Doesn’t this seem sort of realistic, actually? Decisions made with System 1 and System 2, to use Kahneman’s language, might have entirely different underlying algorithms. (There is some philosophical trouble about how far we can push the idea of an ‘intervention’, but I think for human-scale decisions there is a meaningful difference between interventions and observations such that CDT distinguishing between them is a feature.)
This maps onto an objection by proponents of EDT that the observational data might not be from people using EDT, and thus the correlation may disappear when EDT comes onto the stage. I think that objection proves too much- suppose all of our observational data on the health effects of jumping off cliffs comes from subjects who were not using EDT (suppose they were drunk). I don’t see a reason inside the decision theory for differentiating between the effects of EDT on the correlation between jumping off the cliff and the effects of EDT on the correlation between smoking and having the lesion.
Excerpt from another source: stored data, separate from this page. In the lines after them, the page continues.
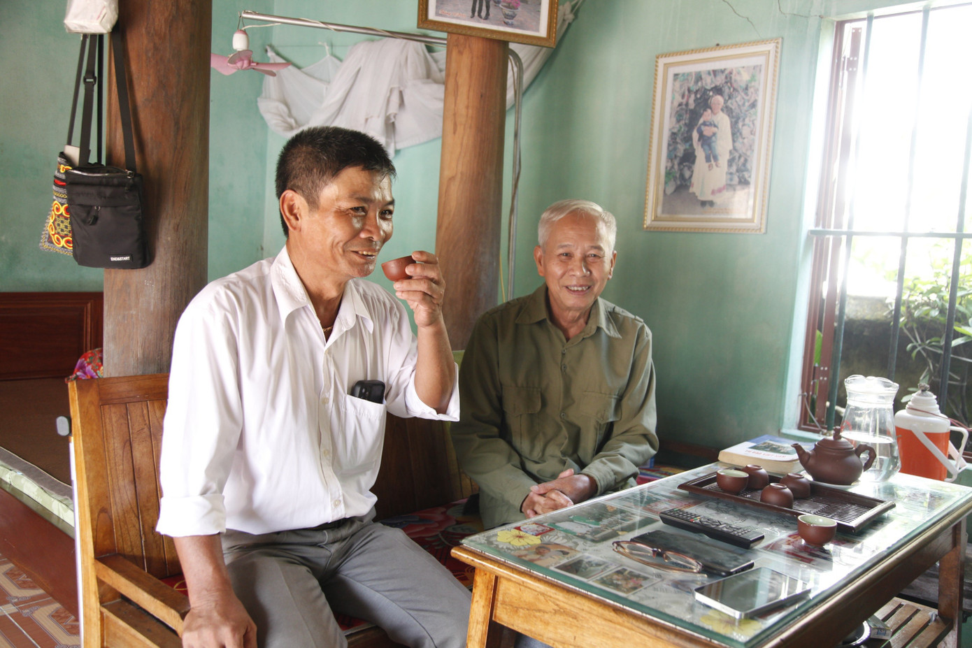 Ông Nguyễn Văn Dậu, Trưởng thôn Hương La (bên trái) và ông Nguyễn Văn Việc đồng thuận với dự án Cảng hàng không quốc tế Gia Bình
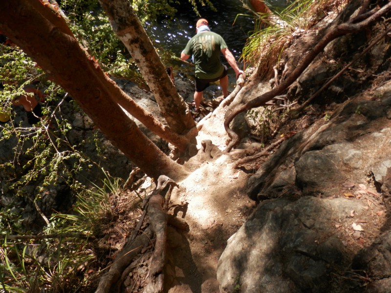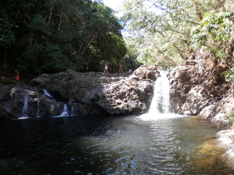 Heute wollten wir zeitig los, mussten dann aber feststellen, dass unser Auto von den Hostelfahrzeugen zuparkiert war. Nach einige Sucherei fand der Besitzer dann seinen Bruder mit dem Schlüssel und wir konnten los. Wir wollten nochmals zurück nach Montezuma und zu den Wasserfällen hochwandern und -kraxeln. Teilweise ist der “Weg” so steil und schlechte, dass Seile angebracht wurden. Die Wasserfälle ergiessen sich in mehreren Etappen ins Tal, sodass drei oder vier natürliche Becken entstanden sind. Natürlich wollten wir zum höchstgelegenen, wo wir mit einem tollen Ausblick und ich mit einem erfrischenden Bad belohnt wurden. Bald mussten wir uns aber wieder an den Abstieg machen, mussten wir doch noch weiter nach Norden und irgendwo eine Unterkunft finden. In diesem Teil Costa Ricas sind grösstenteils nur Schotter- oder Erdstrassen vorhanden. Das bringt zwar weniger Verkehr, viel Fahrerlebnis und viele schöne Aussichten, allerdings auch eine wesentlich niedrigere Geschwindigkeit. Bereits im Dunkeln erreichten wir also Sámara, wo wir nach einiger Fragerei doch noch ein Zimmer ergattern konnten.
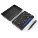 Praktická sada pro opravy veškeré drobné elektroniky jako jsou mobilní telefony, notebooky a mnoho jiných zařízení. Obsahuje šroubovák + 64 náhradních bitů různých velikostí. Sada je přehledně uložena v plastovém pouzdře. Vše je vyrobeno z vysoce kvalitního a odolného materiálu, který je zárukou dlouhodobé životnosti a spolehlivosti.
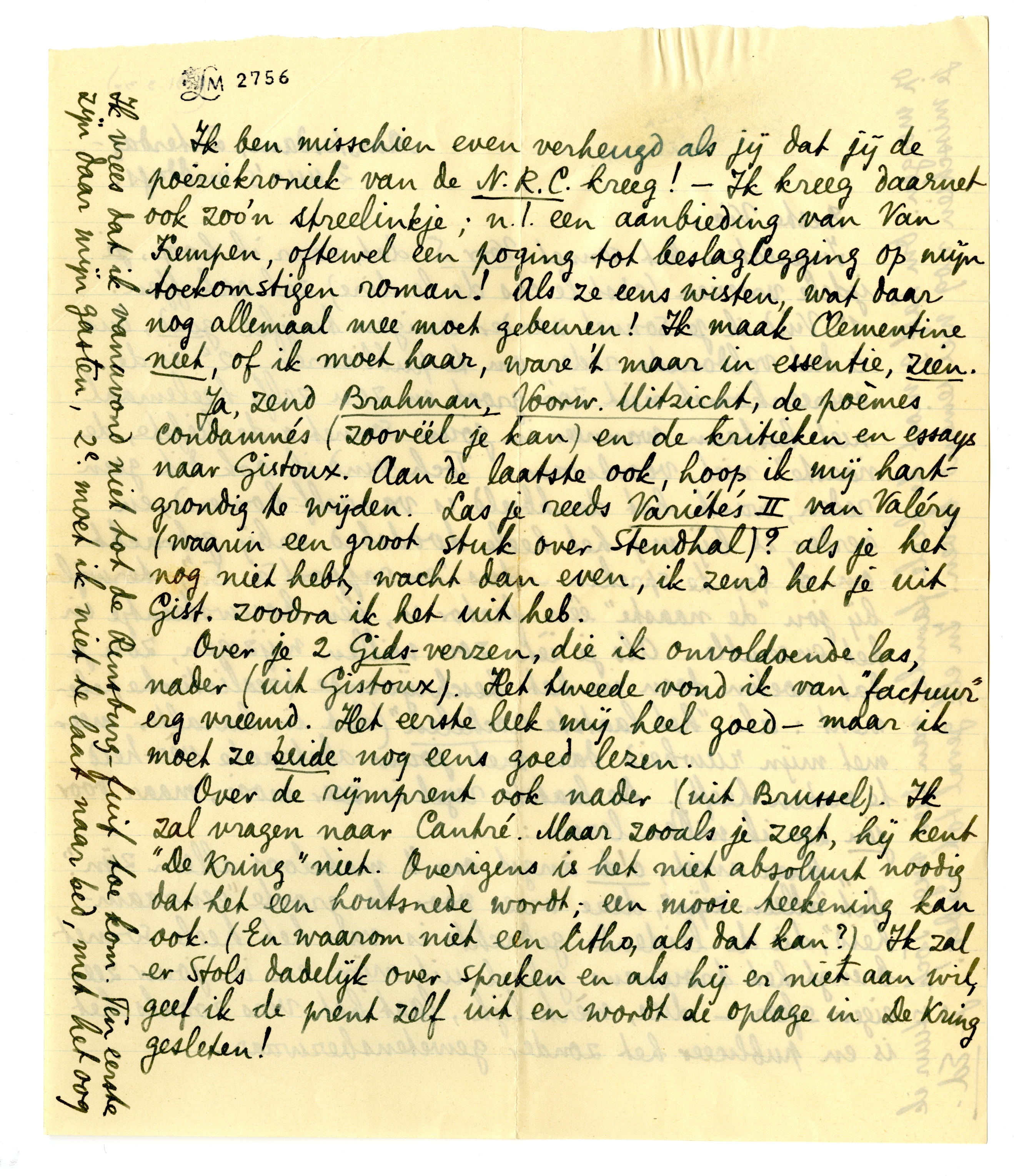 Ja, zend Brahman, Voorw. Uitzicht, de poèmes condamnés (zoovéél je kan) en de kritieken en essays naar Gistoux. Aan de laatste ook, hoop ik mij hartgrondig te wijden. Las je reeds Variétés II wan Valéry (waarin een groot stuk over Stendhal)? als je het nog niet hebt, wacht dan even, ik zend het je uit Gist. zoodra ik het uit heb.

These two situations correspond to two different causal structures—Drunk → Fall → Death and Smoke ← Lesion → Cancer—which could have the same joint probability distribution. The directionality of the arrow is something that CDT can make use of to tell that the two situations will respond differently to interventions at Drunk and Smoke: it is dangerous to be drunk around cliffs, but not to smoke (in this hypothetical world).
EDT cannot make use of those arrows. It just has Drunk—Fall—Death and Smoke—Lesion—Cancer (where it knows that the correlations between Drunk and Death are mediated by Fall, and the correlations between Smoke and Cancer are mediated by Lesion). If we suppose that adding an EDT node might mean that the correlation between Smoke and Lesion (and thus Cancer) might be mediated by EDT, then we must also suppose that adding an EDT node might mean that the correlation between Drunk and Fall (and thus Death) might be mediated by EDT.
(I should point out that the EDT node describes whether or not EDT was used to decide to drink, not to decide whether or not to fall off the cliff, by analogy of using EDT to decide whether or not to smoke, rather than deciding whether or not to have a lesion.)
there’s another CRUCIAL difference regarding the Newcombs problem: there’s always a chance you’re in a simulation being run by Omega. I think if you can account for that, it SHOULD patch most decent decision-theories up. I’m willing to be quite flexible in my understanding of which theories get patched up or not.
this has the BIG advantage of NOT requiring non-linear causality in the model-it just gives a flow from simulation->”real”world.
Yes, reflective consistency tends to make things better.
um...that wasn’t sarcastic, was it? I just ran low on mental energy so...
anyways, the downside is you have to figure out how to dissolve all or most of the anthropic paradoxes when evaluating simulation chance.